Trigonometry! #28

Since we have the lengths of 2 sides and a cosine of the angle between them, we can use the Law of Cosines to find the length of the 3rd side (which is $a$ ): $a^2 = 9 + 36 - 36*\left(\frac{1}{8} \right) \ \Rightarrow \ \ a = \frac{9 \sqrt{2}}{2}$

Now we'll add in the angle bisector and call $BD \ \ y$ , so $DC = \frac{9 \sqrt{2}}{2} - y$ . Use the Angle Bisector Theorem to find the value of y: $\frac{3}{y} = \frac{6}{9\sqrt{2} / 2 - y} \Rightarrow \ y = \frac{3\sqrt{2}}{2}$ Finally, use Law of Cosines on $\triangle ABD$ , but we'll need to find $cos(\angle BAD)$ to do that.

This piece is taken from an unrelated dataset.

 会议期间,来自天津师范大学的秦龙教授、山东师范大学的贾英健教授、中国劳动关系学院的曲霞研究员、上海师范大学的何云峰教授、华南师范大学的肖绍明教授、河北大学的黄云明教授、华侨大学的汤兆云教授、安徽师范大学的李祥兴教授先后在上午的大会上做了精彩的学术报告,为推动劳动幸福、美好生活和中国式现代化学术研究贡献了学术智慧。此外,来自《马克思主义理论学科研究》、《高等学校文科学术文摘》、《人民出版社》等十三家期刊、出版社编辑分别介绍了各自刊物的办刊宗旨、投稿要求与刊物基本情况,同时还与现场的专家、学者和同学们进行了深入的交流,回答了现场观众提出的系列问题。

We'll use the Half-Angle Identity: $cos\left(\frac{\angle BAC}{2}\right) = \sqrt{\frac{1 + 1/8}{2}} = \sqrt{\frac{9}{16}} = \frac{3}{4}$

Now use Law of Cosines to find $AD$ : $\left(\frac{3\sqrt{2}}{2}\right)^2 = 3^2 + AD^2 - 6AD*cos \left(\angle BAD\right) \\ \frac{9}{2} = 9 + AD^2 - 6AD(\frac{3}{4}) \\ 9 = 18 + 2AD^2 - 9AD \\ 2AD^2 - 9AD + 9 = 0 \\$

Using the Quadratic formula, we see that $AD = \boxed{3}$ .

(Couldn't add in some of the calculations since my solution was getting long :P).

Use Law of Cosines to find $BC$ :

$BC^2=AB^2+AC^2-2(AB)(AC)(\cos \angle BAC)\\ BC^2=3^2+6^2-2(3)(6)(\cos \angle BAC)\\ BC^2=45-36\left(\dfrac{1}{8}\right) \\ BC^2=\dfrac{81}{2}\\ BC=\dfrac{9}{\sqrt{2}}$

Finally, use Stewart's Theorem to find $AD$ :

$AD=\dfrac{\sqrt{(AB)(AC)(AB+AC+BC)(AB+AC-BC)}}{AB+AC}\\ AD=\dfrac{\sqrt{(3)(6)(3+6+\frac{9}{\sqrt{2}})(3+6-\frac{9}{\sqrt{2}})}}{3+6}\\ AD=\boxed{3}$